Part II starts with partitioning clustering methods, which include:
- K-means clustering (Chapter 4),
- K-Medoids or PAM (partitioning around medoids) algorithm (Chapter 5) and
- CLARA algorithms (Chapter 6).
Partitioning clustering approaches subdivide the data sets into a set of k groups, where k is the number of groups pre-specified by the analyst.
In Part III, we consider agglomerative hierarchical clustering method, which is an alternative approach to partitionning clustering for identifying groups in a data set. It does not require to pre-specify the number of clusters to be generated. The result of hierarchical clustering is a tree-based representation of the objects, which is also known as dendrogram (see the figure below).
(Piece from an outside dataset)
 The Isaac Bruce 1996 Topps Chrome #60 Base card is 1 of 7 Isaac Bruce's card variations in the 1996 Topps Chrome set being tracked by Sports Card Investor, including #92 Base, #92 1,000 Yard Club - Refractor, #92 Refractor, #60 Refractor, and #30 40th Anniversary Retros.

In this part, we describe how to compute, visualize, interpret and compare dendrograms:
- Agglomerative clustering (Chapter 7)
- Algorithm and steps
- Verify the cluster tree
- Cut the dendrogram into different groups
- Compare dendrograms (Chapter 8)
- Visual comparison of two dendrograms
- Correlation matrix between a list of dendrograms
- Visualize dendrograms (Chapter 9)
- Case of small data sets
- Case of dendrogram with large data sets: zoom, sub-tree, PDF
- Customize dendrograms using dendextend
- Heatmap: static and interactive (Chapter 10)
- R base heat maps
- Pretty heat maps
- Interactive heat maps
- Complex heatmap
- Real application: gene expression data
In this section, you will learn how to generate and interpret the following plots.
- Standard dendrogram with filled rectangle around clusters:
- Compare two dendrograms:
Part IV describes clustering validation and evaluation strategies, which consists of measuring the goodness of clustering results. Before applying any clustering algorithm to a data set, the first thing to do is to assess the clustering tendency. That is, whether applying clustering is suitable for the data. If yes, then how many clusters are there. Next, you can perform hierarchical clustering or partitioning clustering (with a pre-specified number of clusters). Finally, you can use a number of measures, described in this chapter, to evaluate the goodness of the clustering results.
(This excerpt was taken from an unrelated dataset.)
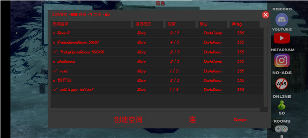 4、设置好恐怖周五地图、房间名称和玩家人数后,点击【创建/Create】即可成功创建房间,开始畅享多人联机的乐趣。

The different chapters included in part IV are organized as follow:
- Assessing clustering tendency (Chapter 11)
- Determining the optimal number of clusters (Chapter 12)
- Cluster validation statistics (Chapter 13)
- Choosing the best clustering algorithms (Chapter 14)
- Computing p-value for hierarchical clustering (Chapter 15)
In this section, you’ll learn how to create and interpret the plots hereafter.
- Visual assessment of clustering tendency (left panel): Clustering tendency is detected in a visual form by counting the number of square shaped dark blocks along the diagonal in the image.
- Determine the optimal number of clusters (right panel) in a data set using the gap statistics.
## Clustering k = 1,2,..., K.max (= 10): .. done ## Bootstrapping, b = 1,2,..., B (= 100) [one "." per sample]: ## .................................................. 50 ## .................................................. 100
- Cluster validation using the silhouette coefficient (Si): A value of Si close to 1 indicates that the object is well clustered. A value of Si close to -1 indicates that the object is poorly clustered. The figure below shows the silhouette plot of a k-means clustering.
Part V presents advanced clustering methods, including:
- Hierarchical k-means clustering (Chapter 16)
- Fuzzy clustering (Chapter 17)
- Model-based clustering (Chapter 18)
- DBSCAN: Density-Based Clustering (Chapter 19)
The hierarchical k-means clustering is an hybrid approach for improving k-means results.
In Fuzzy clustering, items can be a member of more than one cluster. Each item has a set of membership coefficients corresponding to the degree of being in a given cluster.
In model-based clustering, the data are viewed as coming from a distribution that is mixture of two ore more clusters. It finds best fit of models to data and estimates the number of clusters.
The density-based clustering (DBSCAN is a partitioning method that has been introduced in Ester et al. (1996). It can find out clusters of different shapes and sizes from data containing noise and outliers.